Fifteen years ago, a busy young student was often found carrying his 5 ¼” floppy disk to the Learning Center on the third floor of Spiva Library, where he would use that disk to boot up an IBM PC, write an English paper or laboratory report, and print it out on a 9-pin dot-matrix printer. Or he might even use a typewriter.

Thirteen years ago, an anxious young man sat in the audience in this auditorium, participating in the Missouri Southern Honors Covocation, just as you are today, and planning to attend graduate school. He was uncertain about his future, but happy that the school he had chosen for his graduate work was close enough to his girlfriend to allow him to see her on a regular basis.

Eleven years ago, an anxious young man walked down the aisle and married his college sweetheart.

Six years ago, a young college teacher changed jobs, happy to take a new position at Missouri Southern State College.

A few minutes ago, a thirty-something college teacher began his remarks, while anxiously awaiting the imminent birth of his and his wife’s first child.

I would call each step in this story one of change, and of success.
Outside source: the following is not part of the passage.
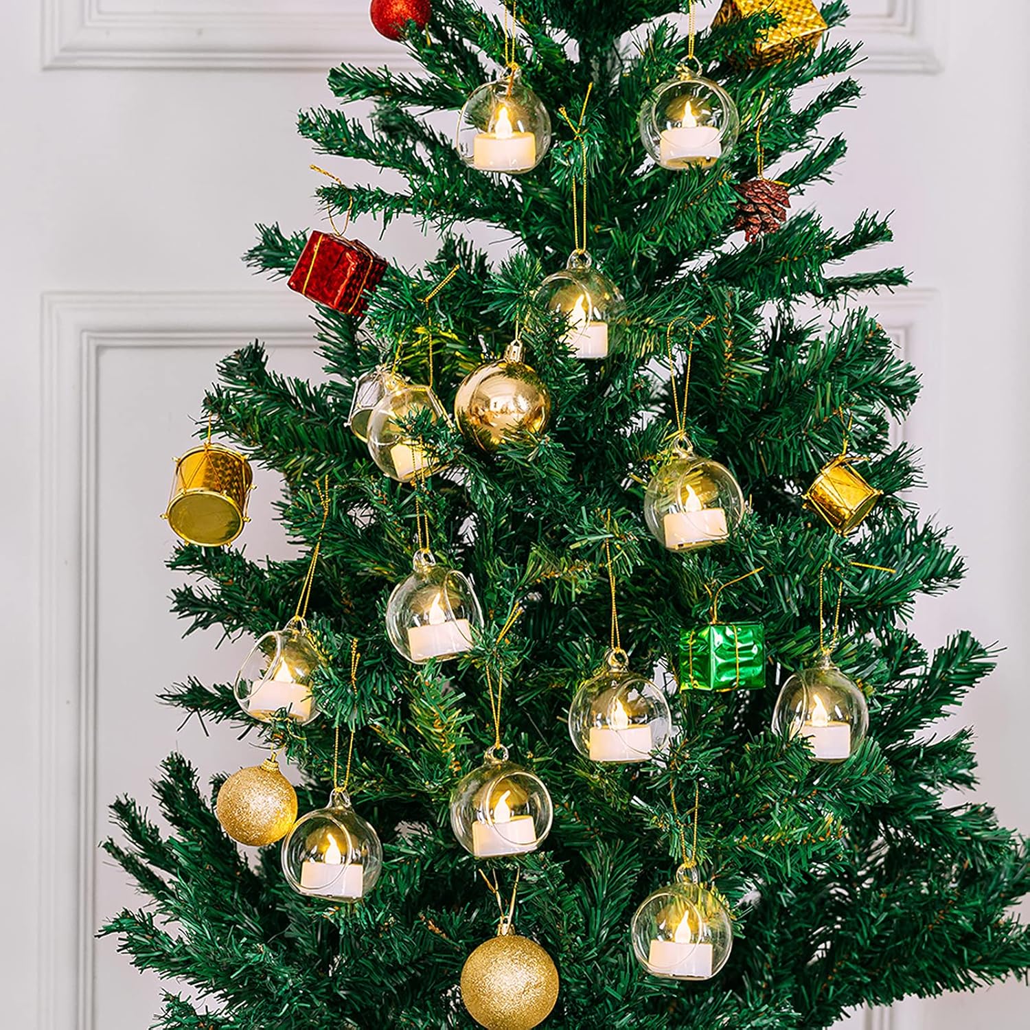 Nuptio 24 Pcs Hanging Glass Tealight Holder Globe 2.36" Diameter, Tea Light Candle Holders Wedding Christmas Halloween Home DIY Gifts, Garden Hanging Ornaments Outdoor Candle Holders

Since it is my story, I am free to do that. I am not sure how much of that success is due to my own choices, fate, or gifts from God. But I am free to decide for myself my own definition of success. So is Barbra Streisand. And so are you.

At Missouri Southern State College, many things have changed in the last twenty-five years. Our freshmen have never seen a 5 ¼” floppy disk. We have a new Webster Hall, and the dormitory has a new name.

Many things have not changed. We are here today to honor our outstanding graduates, just as was done twenty-five years ago. You can be proud of the successes that you have achieved so far. And perhaps you are not sure where your future will lead you.

So students, as your lives move on to the next stage—and as I congratulate you on your success at Missouri Southern—I encourage you to trust in yourself. Keep striving for success. And as you do, each line in your story will be a story of change.

What will you be doing ten years from now? Will you have succeeded in your current goals? Perhaps you will … or perhaps you will have decided upon an entirely different path. Choose wisely, and again, trust in yourself. No matter where your choices take you, remember that it is all right to change your definition of success. As long as you are happy with your choices, you will succeed.